This is my first post in several weeks. It has, in fact, been almost two months, and I suppose I could make excuses and yammer on about how incredibly busy my life is and how important I am in all the multitudinous tasks I have to accomplish — but that would be all shit and no substance. I have been busy — but probably not any busier than anybody else. And there has certainly been enough blog worthy things going on — what with the political season, the financial crisis, the WARS (Does anybody remember the wars?) and the slew of local propositions and state and local elections to be pondered and picked apart.  And it’s not that I’ve not been paying attention; I have. I’m looking forward to tomorrow with a mixture hope and fear; I’m hopeful that Obama will win, but I’m afraid (and no, that is not an overstatement) that McCain might pull out a last minute victory with all of his McCarthyism and  sorry attempts at humor.  I’m also concerned that we’re so focused on the Presidential election that we’re ignoring the very crucial Congressional, state, and local elections.  With all the focus now on “undecided voters”, I have to wonder who the hell is still undecided. The truth is closer to something like this: these so-called “undecideds” know who they want to vote for, but they’re either

1) afraid to say, or

2) afraid to admit their real reasons for their choice.

I’ve kept a weary eye on the financial crisis, and have had to endure some reverb. The real estate boom here in Arizona is collapsing as quickly as it grew, and even the people I know who aren’t politically engaged understand that something has to change.

But with all of this going on, all these larger issues to contend with, I must confess that I have been bit more inwardly focused.  I have, in fact, been focused on my navel these days;  which is to say, I’ve been doing a lot of thinking about myself, my life, and where I want to be, seeing as I will turn 36 my next birthday and it’s getting harder to pluck out those pesky grey hairs from my beard.

After about a year hiatus, I have gotten back to writing poetry; or, maybe, poetry has decided to allow me to write it again.  I’ve been reading some old and new favorites: Bidart, Charles Wright, Wendell Berry, Yeats, and even a few pesky romantics like Shelly and Byron.  Poetry, I’ve always maintained, is as much a state of mind as it is a form of writing. Poetry is a way of looking at and interpreting the world and the actual poem is simply the notes of our observations. Poetry requires deliberation, practice, and above all, patience. And it is in this area — patience — that I have had the most trouble over the past year, and it was my impatience, I think, that led me into other kinds of writing: novel writing, in particular.

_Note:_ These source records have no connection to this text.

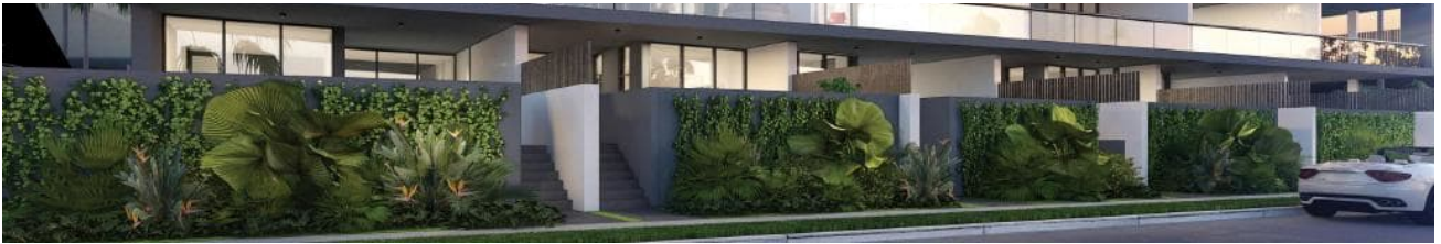
📷 Bathers Beachside at Margate Beach.

All apartments are three bedrooms, with two bathrooms and secure car spaces, an outdoor entertaining area, and plenty of storage.
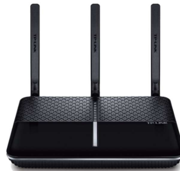
TP Link Archer 5
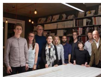
Project Orange Team Nov 2011

Project Orange 1st Floor, Cosmopolitan House 10A Christina Street London EC2A 4PA T +44(0)20 7739 3035 www.projectorange.com
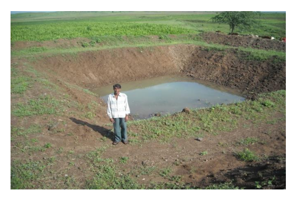
A farm pond for protective irrigation in Maharashtra

I’m not slamming fiction, or the task of writing novels; it is a long, harsh process with its own rewards. It’s a challenging process to stay on task for 50,000 words. It’s draining to be inside the head of a character for that extensive a period of time. And, when the first draft is done, the satisfaction is mixed with grief. The satisfaction is easy to understand, of course; there is something deeply satisfying about finishing something you set out to do, and particularly when it’s a novel, because so many times along the way it would have been easier to simply let the damn thing sit and gather dust. The grief, however, was an odd experience for me; I’d never felt that way with poetry. It was grief and, on a level, emptiness; emptiness left behind after spending so much time and space on a single character or a set of characters or a story, and the grief for what is gone. There is no moving on after writing the first draft. The only option is to let it sit so you can get away from it and be able to revise it properly. And while the revision process is, in many ways, more fun than the writing, it’s not the same. It’s like switching from cigarettes to bubble gum. It numbs the urge, but doesn’t fulfill the itch.

My relationship with poetry has been quite different.  In my early 20’s I had a lot of creative anxiety. I wondered what would happen if I suddenly couldn’t write anymore. I’d seen this happen in college; people I knew who were writers and artists, all of a sudden aren’t; they stop writing, stop painting. I’d see them around and ask them what they were working on, and their eyes would glaze over, they’d look at the floor and the walls, and shuffle their feet. Life got too busy. They got a job. They got married. They had kids.  I was worried this would happen to me; I was scared that I’d run out of things to write about; that I’d wake up one day and I’d simply not be a writer anymore. Not be a poet anymore. And then? Then what? What the hell would I do in the absence of words? Particularly since words had been the major part of my life, even before junior high?  I’m not sure when it was that I understood what my relationship to poetry was; but there was a point when I began to know that as long as I made the time, as long as I worked everyday and wrote everyday, and dedicated myself to it that it would never leave me. Poetry fulfilled me in ways that religion never could. It gave me more than my education has — and those of you who know me know how I feel about my education. Poetry offered me perspective, solace, and voice. And once I realized that I would always write, and that would always HAVE to write, poetry gave me something else that I didn’t realize or appreciate until much later. It gave me purpose.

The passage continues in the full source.